- _REQUIRED WORK_: Return the listing below verbatim. Pictures do not belong in the copy.

- _DATA_:
------------------------------------------------

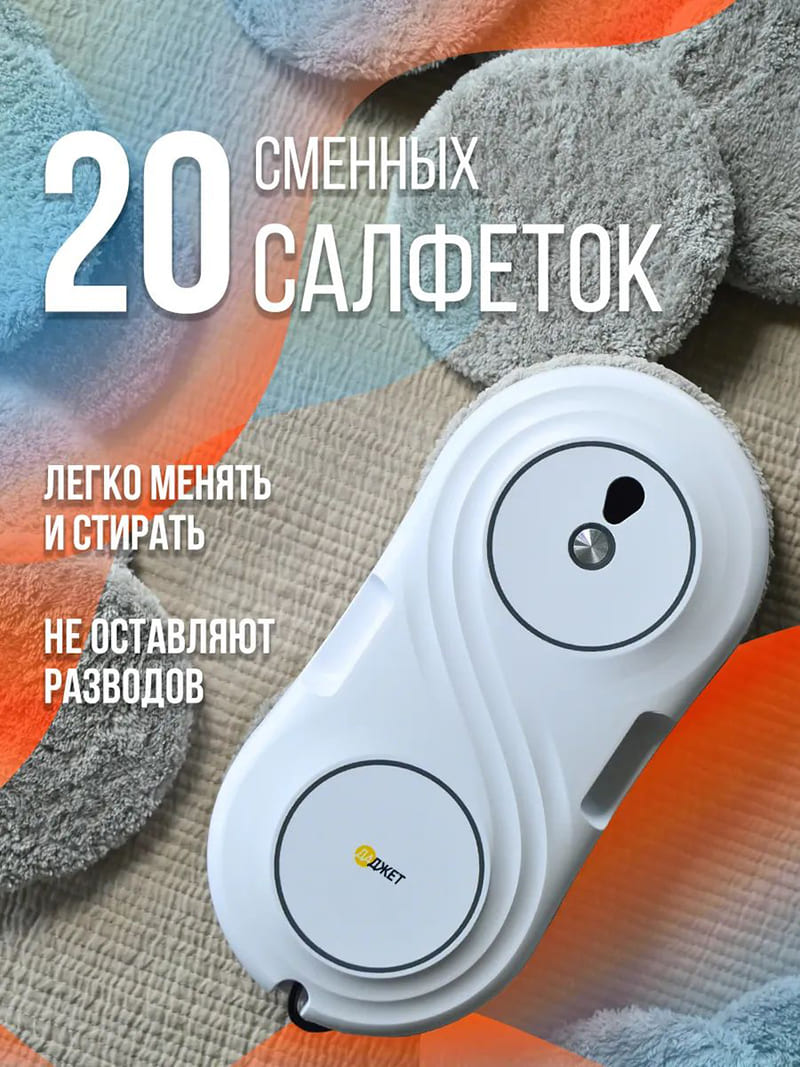 Рабочий узел состоит из двух вращающихся дисков с надетыми на них салфетками из микрофибры. Структура микроволокна позволяет одновременно собирать пыль, впитывать влагу и полировать стекло:
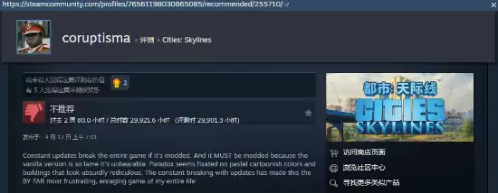 这位玩家在评价中详细阐述:“一旦安装并使用模组,游戏频繁的版本更新就会彻底破坏现有的游戏环境。但矛盾之处在于,这款游戏几乎必须依赖模组才能获得理想的体验——因为其原版内容在深度和丰富度上有所欠缺,部分设计甚至令人感到体验不佳。Paradox工作室似乎格外偏爱柔和的卡通渲染风格,以及一些在审美上较为独特的建筑造型。” 这段评论,实际上精准揭示了《城市:天际线》长期存在的一个结构性矛盾:其蓬勃的模组社区是游戏持久生命力的核心,但原版在视觉表现、游戏机制与内容深度上的不足,又迫使玩家不得不借助模组来补全体验。玩家的反馈,正是这一现状的真实写照。
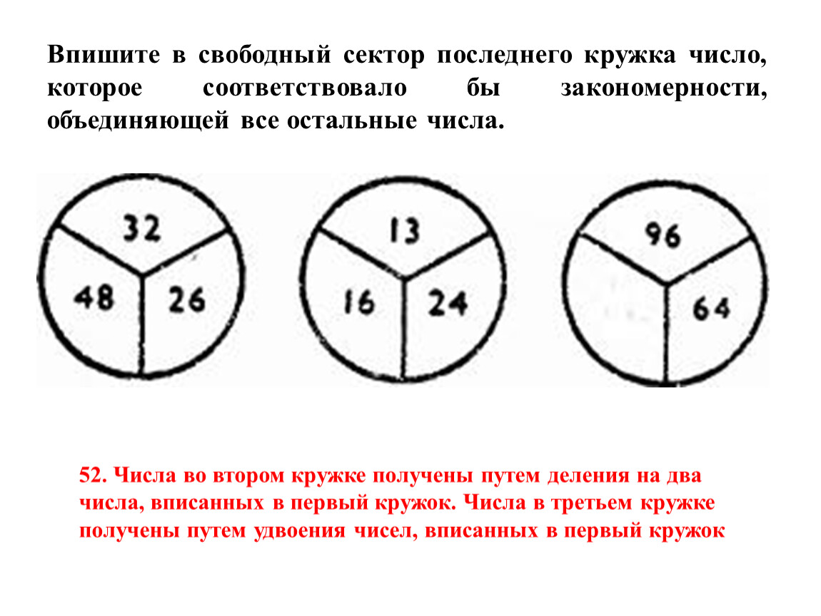 52. Числа во втором кружке получены путем деления на два числа, вписанных в первый кружок. Числа в третьем кружке получены путем удвоения чисел, вписанных в первый кружок

------------------------------------------------

- _RESPONSE BOX_:
 Рабочий узел состоит из двух вращающихся дисков с надетыми на них салфетками из микрофибры. Структура микроволокна позволяет одновременно собирать пыль, впитывать влагу и полировать стекло:
 这位玩家在评价中详细阐述:“一旦安装并使用模组,游戏频繁的版本更新就会彻底破坏现有的游戏环境。但矛盾之处在于,这款游戏几乎必须依赖模组才能获得理想的体验——因为其原版内容在深度和丰富度上有所欠缺,部分设计甚至令人感到体验不佳。Paradox工作室似乎格外偏爱柔和的卡通渲染风格,以及一些在审美上较为独特的建筑造型。” 这段评论,实际上精准揭示了《城市:天际线》长期存在的一个结构性矛盾:其蓬勃的模组社区是游戏持久生命力的核心,但原版在视觉表现、游戏机制与内容深度上的不足,又迫使玩家不得不借助模组来补全体验。玩家的反馈,正是这一现状的真实写照。
 52. Числа во втором кружке получены путем деления на два числа, вписанных в первый кружок. Числа в третьем кружке получены путем удвоения чисел, вписанных в первый кружок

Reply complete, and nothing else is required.